Bitcoin price hovers around $87,000 on Thursday, stabilizing after declining earlier this week.
US-listed spot ETFs recorded $457.29 million in inflows on Wednesday, the highest single-day inflows since November 11.
Report highlights that BTC remains range-bound between $81,000 and $95,000, with rallies likely to remain capped until fresh liquidity absorbs supply.
Bitcoin (BTC) is attempting to stabilize, holding near $87,000 on Thursday after this week’s pullback. Institutional demand shows signs of optimism, as US-listed spot Bitcoin Exchange-Traded Funds (ETFs) recorded fresh inflows of over $457 million on Wednesday. However, reports suggest that BTC could remain sideways until fresh liquidity absorbs the overhead supply.

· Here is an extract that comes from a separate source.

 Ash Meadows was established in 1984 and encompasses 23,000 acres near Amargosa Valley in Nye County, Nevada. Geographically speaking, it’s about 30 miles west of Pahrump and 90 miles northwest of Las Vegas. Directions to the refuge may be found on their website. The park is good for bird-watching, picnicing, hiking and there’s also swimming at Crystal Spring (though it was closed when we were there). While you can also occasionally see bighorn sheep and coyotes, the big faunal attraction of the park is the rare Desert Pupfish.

Institutional demand shows highest single-day in one month
Institutional demand shows early signs of recovery. SoSoValue data show that Spot Bitcoin ETFs recorded inflows of $457.29 million on Wednesday, breaking the two-day outflow streak. Moreover, Wednesday’s inflow marked the largest single-day ETF inflow since November 11, providing a demand boost that helped counter near-term selling pressure. If these inflows continue and intensify, the Bitcoin price could see further recovery ahead.

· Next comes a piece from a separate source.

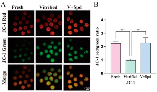 JC-1 was used to investigate the effect of vitrification freezing on mitochondrial membrane potential of oocytes. (A) Visualisation of mitochondrial membrane potential using the JC-1 probe. At high mitochondrial membrane potentials, JC-1 aggregates in the mitochondrial matrix, forming polymers that show red fluorescence (functional mitochondria). At low mitochondrial membrane potential, JC-1 fails to accumulate in the matrix of mitochondria, and then JC-1 is a monomer and shows green fluorescence (impaired mitochondria). (B) Histogram quantifying the ratio of red fluorescence (functional mitochondria) to green fluorescence (impaired mitochondria), showed in Mean ± SD. *** indicates p < 0.0001.

BTC remains range-bound, reports Glassnode
Glassnode's weekly report on Tuesday highlighted that Bitcoin is stuck in a range, supported near $81,000, but capped by heavy selling above $95,000.
The report explains that as long as price remains below this ($93,000-$120,000) range and fails to reclaim key thresholds, most notably the Short-Term Holder Cost Basis at $101,500, the risk of further corrective downside continues to loom over the market.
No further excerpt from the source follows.